++++ Data ++++

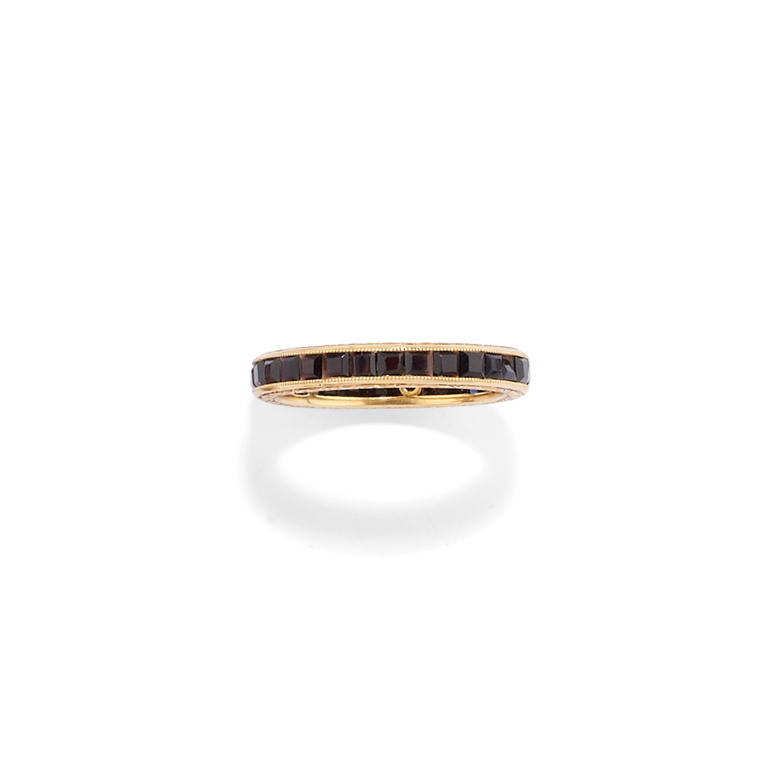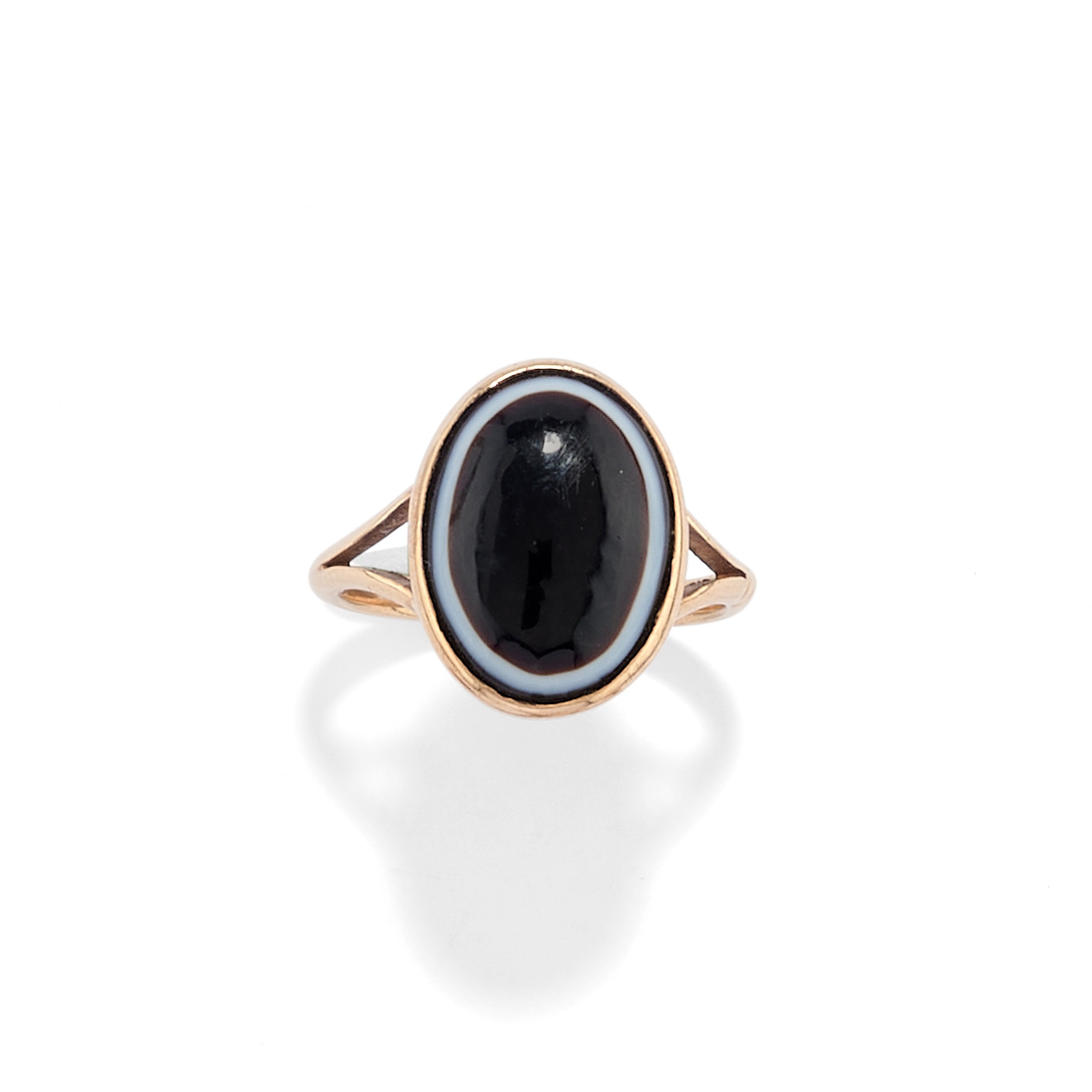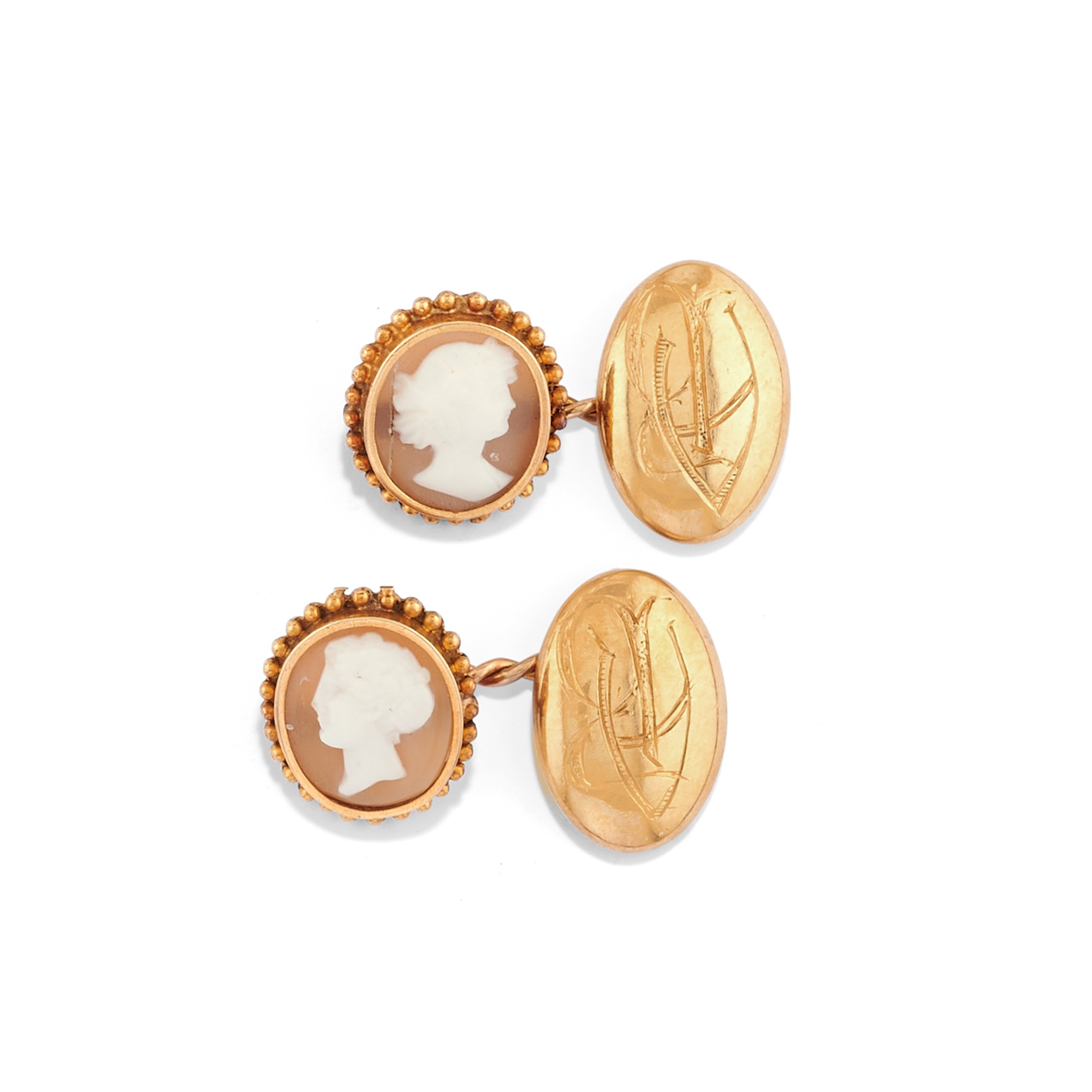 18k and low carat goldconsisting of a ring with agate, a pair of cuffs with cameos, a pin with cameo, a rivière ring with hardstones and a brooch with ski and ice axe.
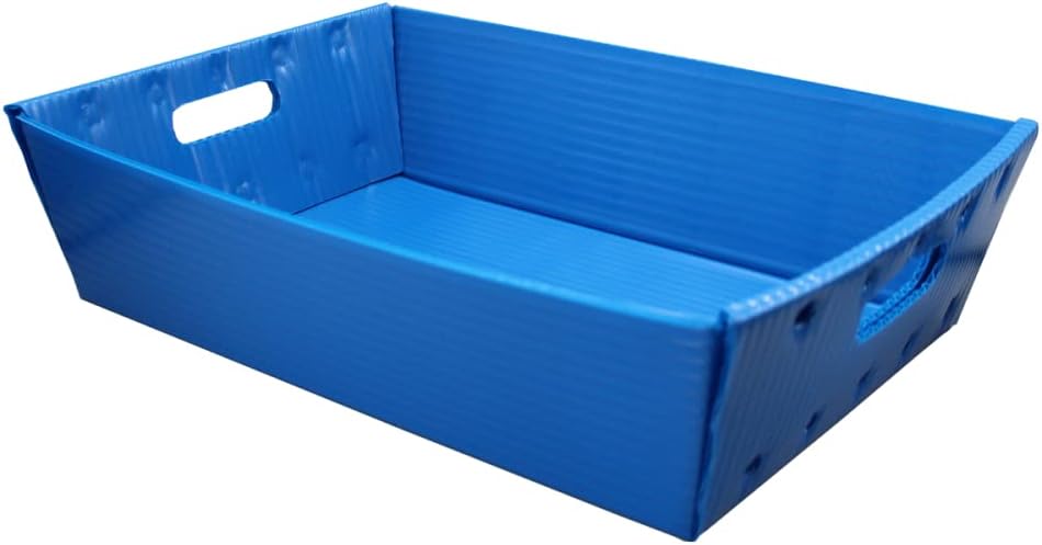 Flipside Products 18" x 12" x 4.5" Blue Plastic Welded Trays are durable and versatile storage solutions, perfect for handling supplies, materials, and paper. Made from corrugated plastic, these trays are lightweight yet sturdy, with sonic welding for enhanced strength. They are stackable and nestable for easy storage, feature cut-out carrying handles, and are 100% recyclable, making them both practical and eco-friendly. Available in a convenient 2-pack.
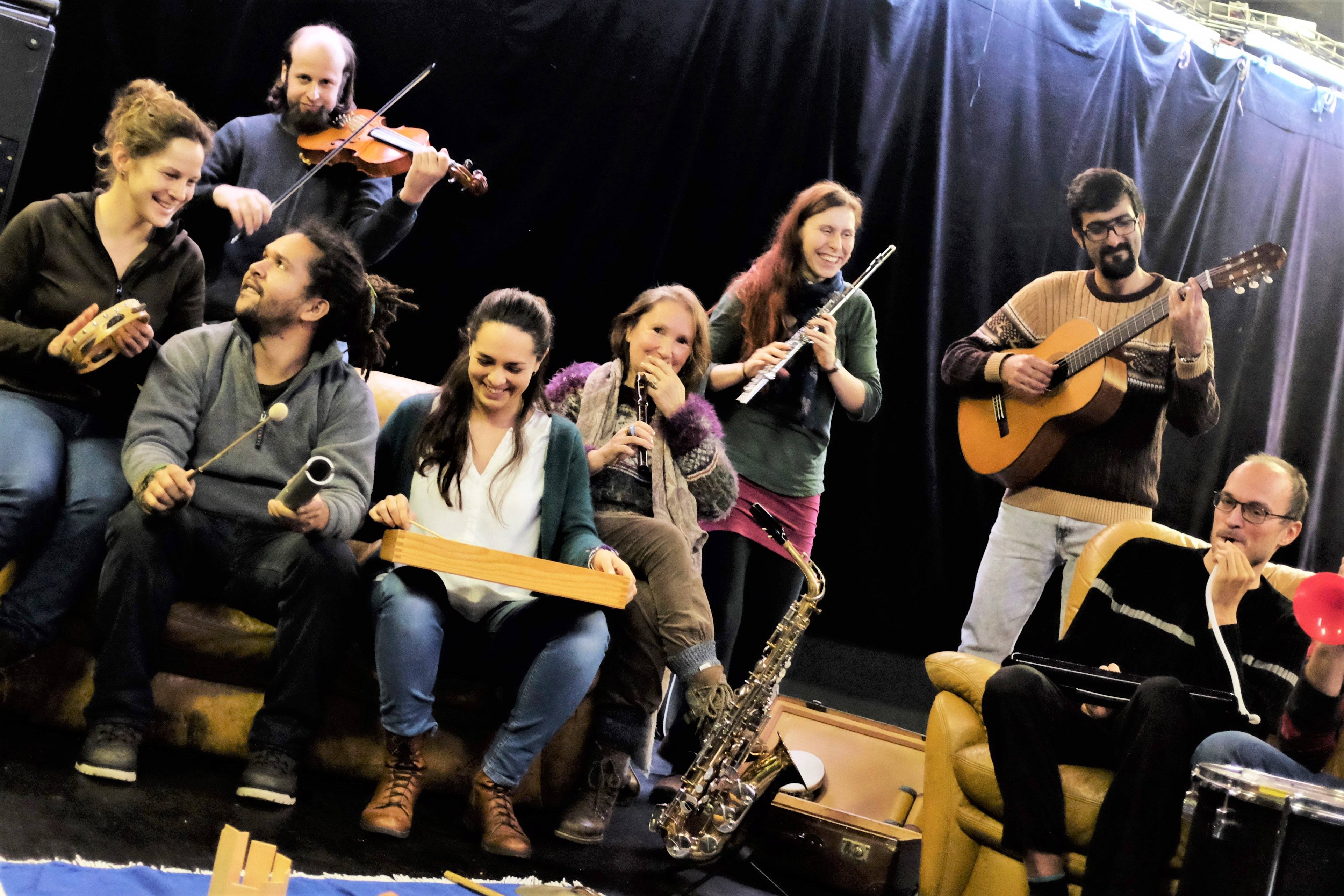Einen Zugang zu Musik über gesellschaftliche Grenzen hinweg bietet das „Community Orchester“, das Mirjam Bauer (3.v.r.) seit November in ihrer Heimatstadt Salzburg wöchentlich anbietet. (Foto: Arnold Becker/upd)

++++

__Task details__
Transcribe only the lines from the line holding "a convenient 2-pack." to the final line of the listing above. Keep them exact, include both ends, and skip the pictures.

__Problem solution__
 Flipside Products 18" x 12" x 4.5" Blue Plastic Welded Trays are durable and versatile storage solutions, perfect for handling supplies, materials, and paper. Made from corrugated plastic, these trays are lightweight yet sturdy, with sonic welding for enhanced strength. They are stackable and nestable for easy storage, feature cut-out carrying handles, and are 100% recyclable, making them both practical and eco-friendly. Available in a convenient 2-pack.
Einen Zugang zu Musik über gesellschaftliche Grenzen hinweg bietet das „Community Orchester“, das Mirjam Bauer (3.v.r.) seit November in ihrer Heimatstadt Salzburg wöchentlich anbietet. (Foto: Arnold Becker/upd)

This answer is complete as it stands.